It can classify a variety of phishing websites, and output the results by type, region, industry and other dimensions.
The domain name is analyzed in the intelligent way of autonomous learning.
1) Research and judge the domain name features: extracts and analyzes domain name semantics and page structure based on page code;
2) Feature training and strengthening: using historical data, unsupervised training and strengthening of domain name features are carried out;
3) Self updating mechanism: the trained features are added to the system by the self updating mechanism for subsequent detection.
Comprehensive, generalized black and white list are supported to meet the needs of different identification research.
Whitelist: it includes not only the domain names of mainstream websites, but also the sub domain names; according to the separation of dynamic and static contents, various images, audio and video domain names of mainstream websites are added to the whitelist.
Blacklist: including illegal and malicious website domain name, ISP service provider, domain name registrant, domain name contact person, IP and geographical location.
Grey list: Based on the access threshold, the grey list is distinguished. Through the domain name characteristics and source sensitive content, the grey list is studied and judged.
1) Intelligent research and judgment
Intelligent research and judgment on the trend of malicious websites, master the global network security situation, and solve the problem of low efficiency of traditional website security detection products.
2) Focus on business
In order to solve the passive problem of traditional website detection and identification, we use machine learning and other technologies to conduct in-depth security examination and perception of traffic URL from the aspects of business attribute and importance.
3) unified management
Integrating threat intelligence database, unified management of URL features, establishing website threat view, to solvie the problem that malicious website threat information is not commonly used.
4) Support multi-source data
Support IDC data, metrometropolitan area network data, CDN data, Internet log and other data sources.
5) flexible configurable architecture
Hadoop + streaming processing is taken as the overall big data technology architecture. At the same time, it has the feature of loose coupling in the functional modules.

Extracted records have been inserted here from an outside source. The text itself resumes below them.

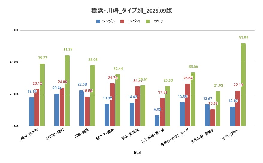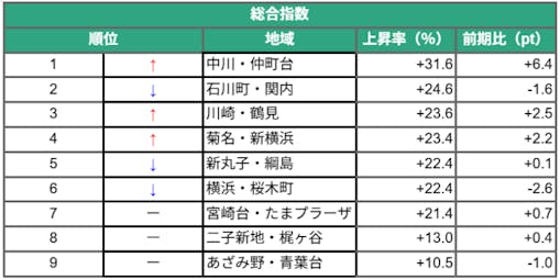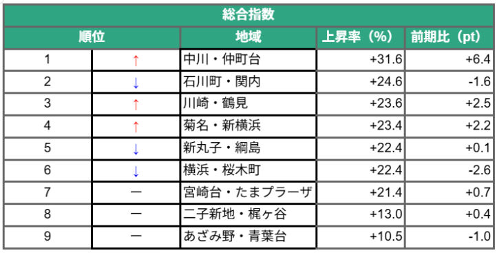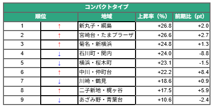 東京23区同様、横浜市・川崎市でもコンパクトタイプは全体的にシングルタイプよりも上昇率が大きくなっています。上位6位までで上昇率は20%を超えています。
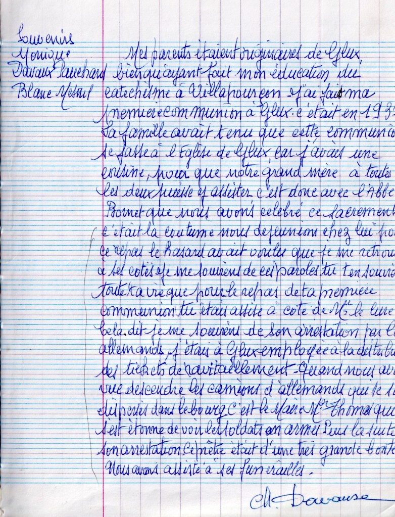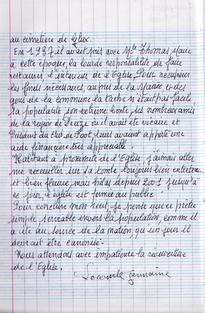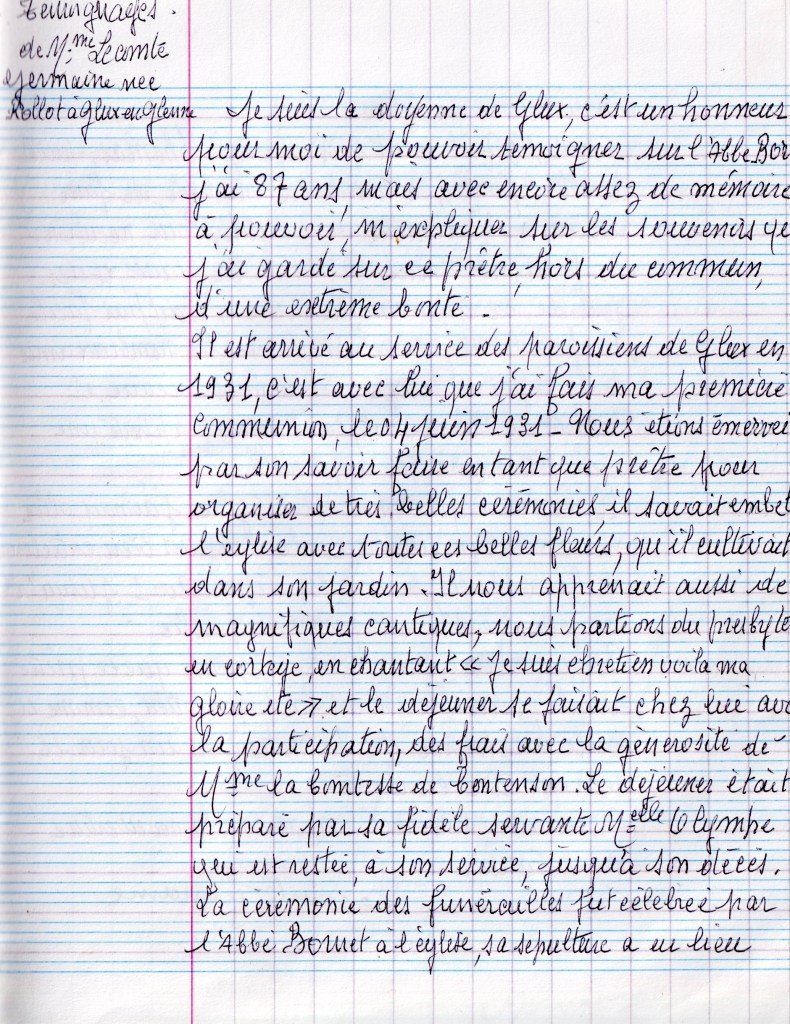 Je me souviens très bien de l’Abbé Bornet, un prêtre très estimé dans les deux paroisses, Glux et Saint-Prix.
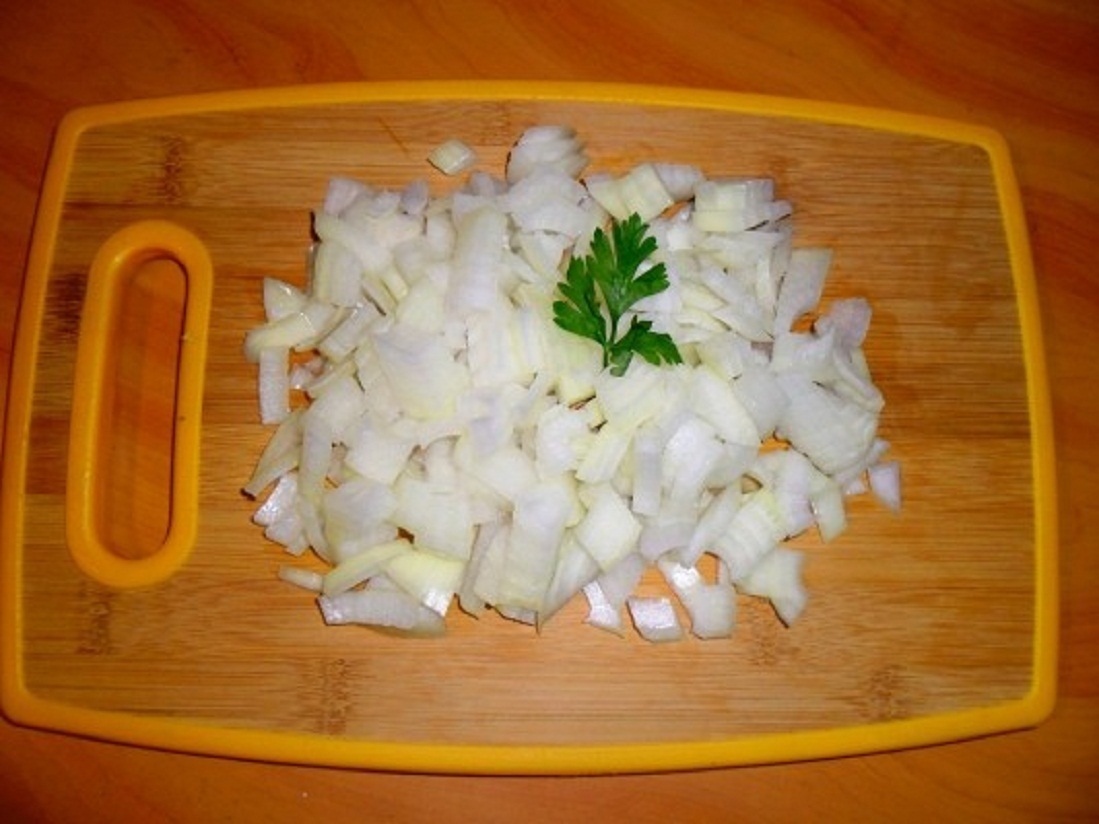 и мелко порезанную луковицу.

In addition, the product supports local or cloud deployment.
6) Intelligent multilayer filtering
Supports black and white list matching, DGA algorithm detection, domain name feature recognition.
7) Autonomous Learning Mechanism
It has the mechanism of feature extraction, key information research and judgment, feature strengthening training and independent updating.

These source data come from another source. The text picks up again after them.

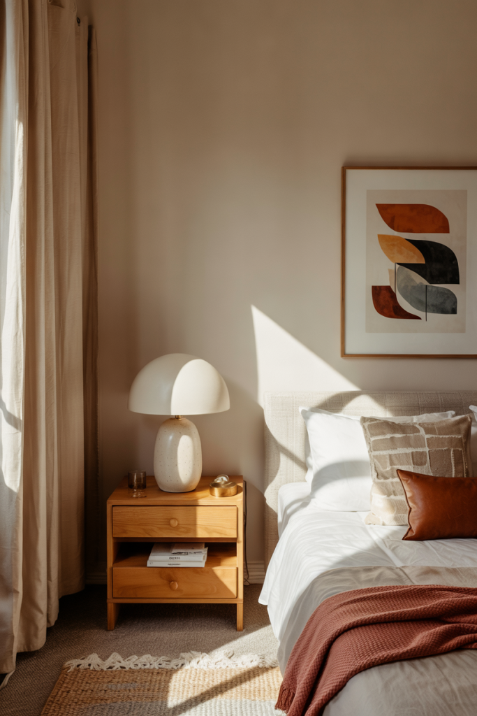 Introduce personality with a soft splash of cozy modern color—muted greens, dusty blues, or warm terracotta. A sculptural lamp and textured bedding add depth. Pairing this with hints of cozy modern elegance and delicate grey accents creates a balanced mood guests enjoy. Even tiny accessories can make the look shine.
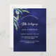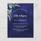 A navy blue background, decorated with greenery. The blue color is uneven. Personalize and add your name and party details.
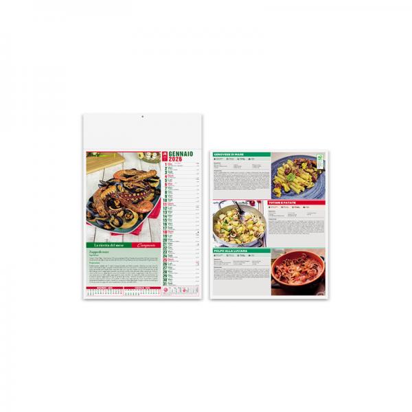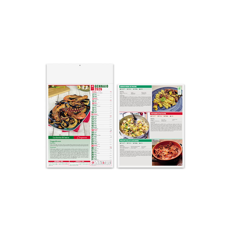 Calendario illustrato mensile 12 fogli, carta patinata 70 gr, testata termosaldata, certificazione PEFC.
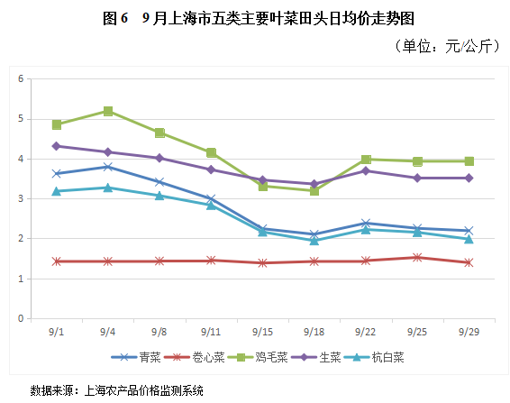 . 纵观五种主要叶菜9月份田头价格,除卷心菜田头价格整体稳定,波动不大外,其他4种蔬菜从月初延续了8月底菜价的高位,至中下旬时为最低,9月22日后略有回升,至月末走势平缓,波动不大。整个9月份,同一种品类的蔬菜其全月日均最高价与最低价之间最大相差1.69元。
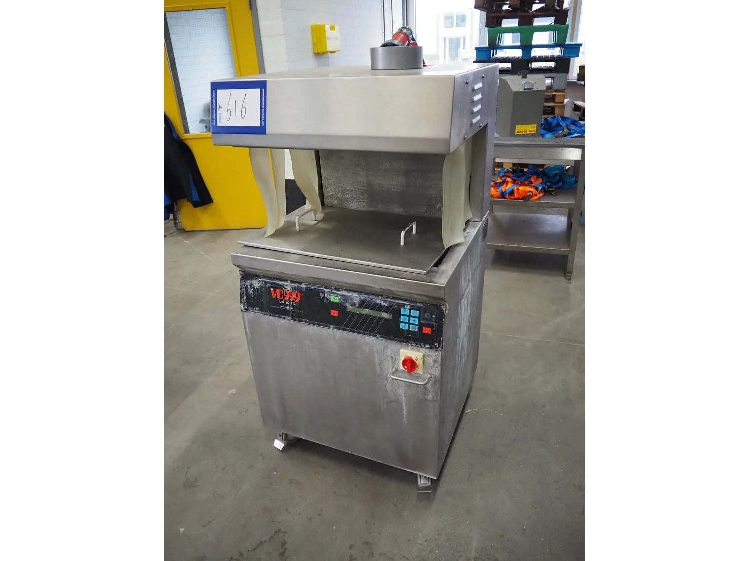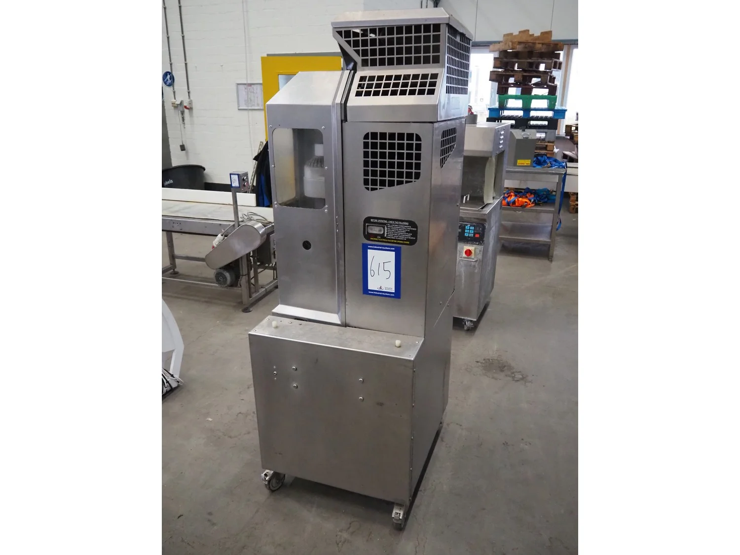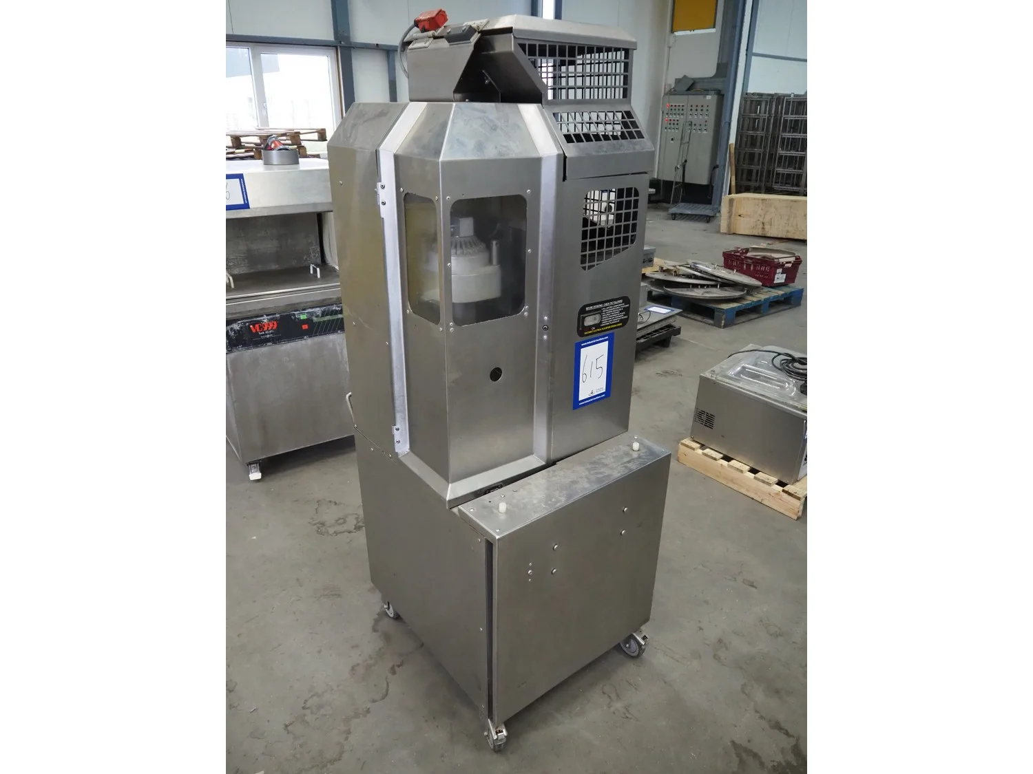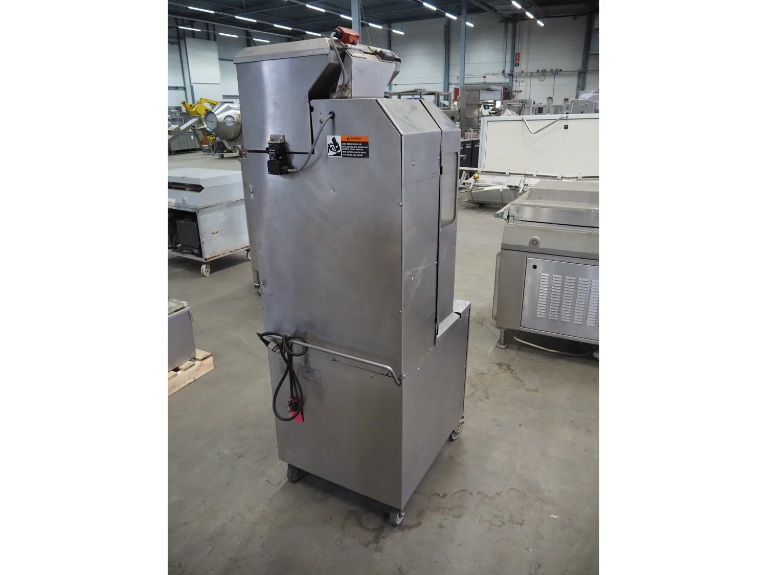 FMC FoodTech mobile multi-fruit juicer, model: POS-1, serial number: 82005006, 220 V, 1 Ph, 50 Hz, 10 A, dimensions: 850 mm x 550 mm x 1860 mm.

8) Multidimensional result output
Supports result output by type, industry object and region.
The core functions of this product are as follows:
1) Data preprocessing
Cleaning, de duplication, alignment, data caching and standardized storage operations are performed for the massive data accessed; various data forms such as online log, real-time traffic, system log, CDN cache are supported.
2) Online quick analysis
With Storm stream processing technology as the core, combined with Threat Intelligence Database, the links in massive data are identified and analyzed.
3) Offline intelligent learning
Build a multi-layer machine learning model; quantify the features of the grey data to be checked, combine natural semantics, page elements, etc. for feature extraction and rule generation; implement a "self-update, self-learning" detection mechanism.
Taking "big data security analysis and artificial intelligence technology" as the core, more active and intelligent discovery and identification of various phishing website core technologies are as follows.
1) Big data security analysis technology
Based on big data analysis technology, detect and correlate various types of traffic and phishing website content in logs;
Combined with business scenarios, to achieve a comprehensive perception of phishing websites;
Through the deep correlation with threat intelligence, the APT's advanced persistent threats can be identified on the outreach website.
2) Artificial intelligence technology
Using artificial intelligence technology to continuously discover and extract the characteristics of phishing websites;
Combined the characteristics to continuously iterate and optimize the analysis and recognition rules to meet the security requirements of various business scenarios;
Combined with big data security analysis, providing intelligent security analysis products and security services.